The parasites that cause a disfiguring skin disease affecting about 12 million people globally may have met their match in vaccines developed using CRISPR gene-editing technology, new research suggests.
Phase 1 human trials are set to start later this year with a vaccine designed to prevent infection by Leishmania major, the parasite species that causes cutaneous leishmaniasis in tropical and subtropical regions of the Eastern Hemisphere.
The same research team, co-led by Abhay Satoskar, professor of pathology in The Ohio State University College of Medicine, has used CRISPR technology to develop a vaccine targeting Leishmania mexicana, the species of the parasite that is found in South, Central and North America.

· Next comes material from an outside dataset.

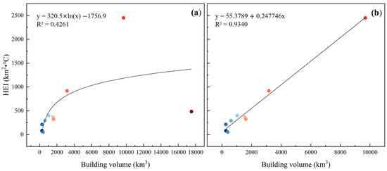 Relationship between building volume and HEI: (a) 10 urban built-up areas; and (b) 9 urban built-up areas except Beijing.

In mice, the vaccine — created with a mutated live parasite — posed no threat of causing skin lesions and provided long-term infection prevention.
This “New World” species causes a more chronic infection that, unlike skin lesions generated by L. major infection, will not self-heal. Researchers expect the L. major mutant parasite vaccine to be effective against the L. mexicana species, but have developed the second vaccine as a backup — and to find out whether their technique could tame the more virulent organism.
“The main thing we wanted to see was if this approach, removing a specific gene, could break this tough cookie, which has always been a problem. It’s not an easy parasite,” said Satoskar, also a professor of microbiology at Ohio State. “Based on our experimental data, we should be able to use the L. major vaccine in the New World. But if it doesn’t work, we have a plan b.”
The study is published in the journal NPJ Vaccines.